Citation346 F. Supp. 76
PartiesUNITED STATES of America, Plaintiff, v. Gregory Crawford LAVIN, Defendant.
CourtU.S. District Court — Southern District of New York

COPYRIGHT MATERIAL OMITTED

M. James Spitzer, Jr., New York City, New York Civil Liberties Union, for defendant.

Whitney North Seymour, Jr., U. S. Atty., for the Southern District of New York, by George E. Wilson, Asst. U. S. Atty., for plaintiff.

OPINION

POLLACK, District Judge.

On August 13, 1971, Gregory Crawford Lavin was indicted for violating the Military Selective Service Act of 1967 by refusing to submit to induction on December 28, 1970, as ordered by his local board on December 14, 1970. The case was tried to the Court on May 17 and 18, 1972, defendant having waived his right to a jury by written stipulation reaffirmed by him in open court before trial commenced. The government's case consisted of items in defendant's selective service file and the testimony of several witnesses including a medical expert. Defendant adduced no evidence. He has moved for acquittal on several grounds, and both sides have submitted post-trial briefs on the points of law involved pursuant to leave granted by the Court.

On February 26, 1970, defendant reported to the Armed Forces Examining and Entrance Station (AFEES) pursuant to an order issued by Local Board No. 12, Peekskill, New York, and there began to undergo a pre-induction physical examination. At this time defendant was a student at Colgate University located at Hamilton, New York and was classified 2-S (full-time undergraduate college student); he expected to graduate on May 31, 1970.

At the request of AFEES authorities, defendant's local board ordered defendant to return to the examination station for cardiology consultation on April 17, 1970. Defendant, however, obtained a transfer of the examination to the area in which he was attending college, and the consultation date and place were changed to June 1 at Norwich, New York. The pre-induction physical was completed on that date and defendant was found fully acceptable.

Meanwhile, during March and April, defendant interposed a claim for conscientious objector classification. His local board concluded thereon that defendant opposed only the war in Vietnam, and accordingly denied his claim on August 20, 1970, reclassifying him from 2-S to 1-A (available for military service). After receiving notification and pursuing an unsuccessful appeal, defendant was ordered on December 14, 1970 to report for induction on December 28, 1970.
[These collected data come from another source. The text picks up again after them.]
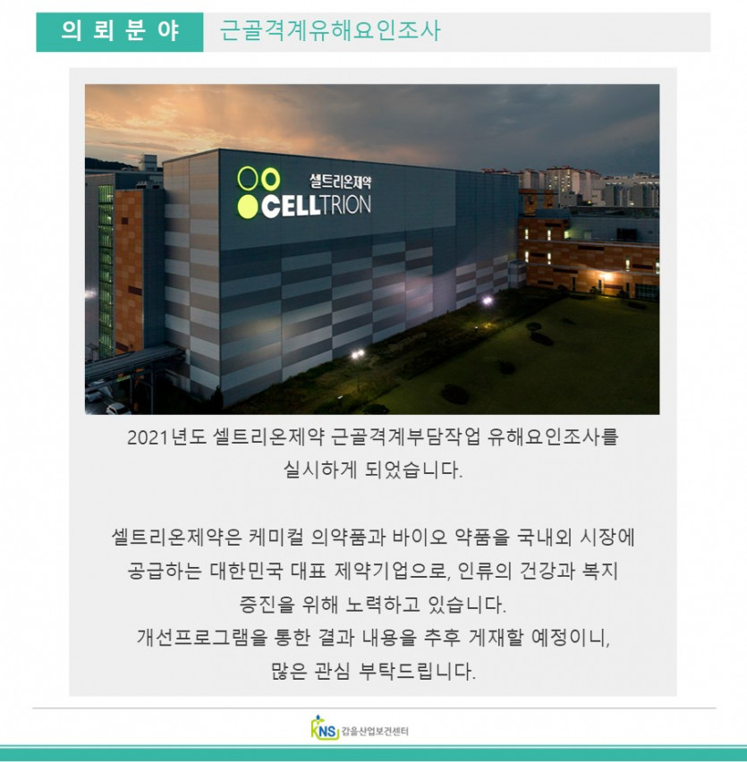 근골격계유해요인조사] 셀트리온제약 > 연구용역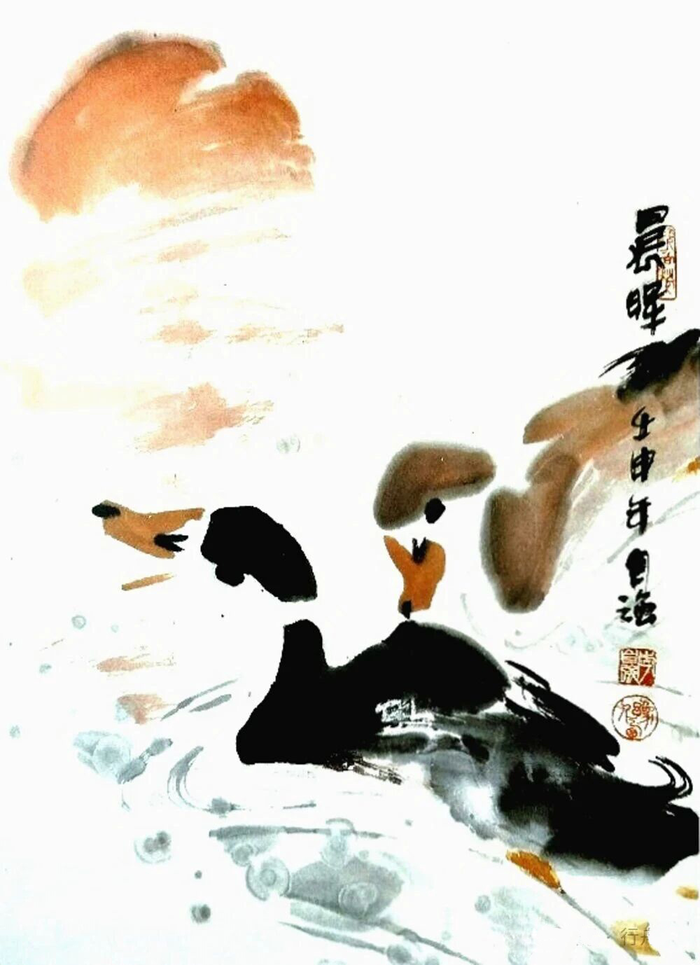 上世纪80年代,肇庆市举办“海内外著名画家作品展”,在笔会上,先生现场创作了一幅水墨画《游鸭》,艺惊四座,广受赞誉。上海名家江南春赞其“寥寥数笔,形神兼备”,恳请给他画一幅双鸭图,欲回沪“如法炮制”,潜心研习;山西省美协主席姚天沐对其所画游鸭推崇备至,也要索画研习;澳大利亚名家翁真如更是全程录像,以作珍藏研学。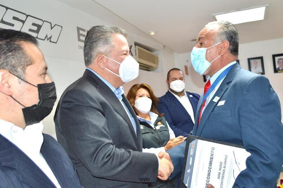 Finalmente, acompañado por el Director de Servicios de Salud, Jesús Reyna Figueroa, el titular del ISEM, entregó reconocimientos a los trabajadores con mayor antigüedad y reiteró la felicitación por su entrega y compromiso a favor de la población más vulnerables de la entidad.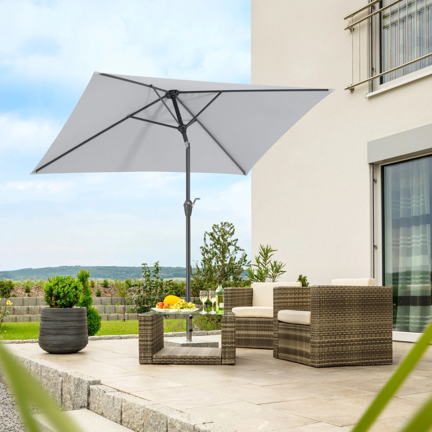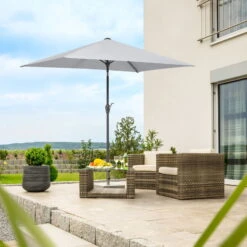 Der rechteckige Sonnenschirm BILBAO von Schneider spendet Ihnen sicher und zuverlĂ€ssig Schatten. Dieser Schirm prĂ€sentiert sich in einer neutralen farbe und ĂŒberzeugt durch eine hochwertige Bespannung aus wasserabweisendem und verrottungsfestem Polyester. Achten Sie allerdings darauf, das empfohlene Sockelgewicht von 40 Kilogramm nicht zu unterschreiten.

On the latter date, defendant appeared at the induction center, received another physical examination and was again found fully acceptable. However, according to the testimony of the processing officer present at the station on that date and the documentary evidence in defendant's file, defendant refused to take the symbolic step forward, i. e., to submit to induction.

Reports from two medical doctors which appear in defendant's file are in contention. They relate to the condition of defendant's eyes. The first, dated February 19, 1970, is addressed to the local board by Philip Knapp, M.D. of New York City, and is date-stamped by the local board at February 20, 1970. Another stamp on this letter indicates that it was "reviewed and considered in examinee's defendant's profile" on June 1, 1970. The second letter, dated February 24, 1970, is addressed simply "To whom it may concern" by Maurice Tannenbaum, M.D. of Peekskill, New York. It contains the same notation of having been reviewed and considered in examinee's profile on June 1, 1970.

The Knapp report states in pertinent part that in 1966 defendant showed "an esotropia of 25 for distance and 30 for near with a double hypertopia". The other report recites that it was "Copied by Tannenbaum from the records of S. Karash, M.D. deceased" without mention of any date of those records, reading: "Alternating Esotropia since birth. Last vision Nov. 1964 20/20 OD 20/20 OS No fusion present."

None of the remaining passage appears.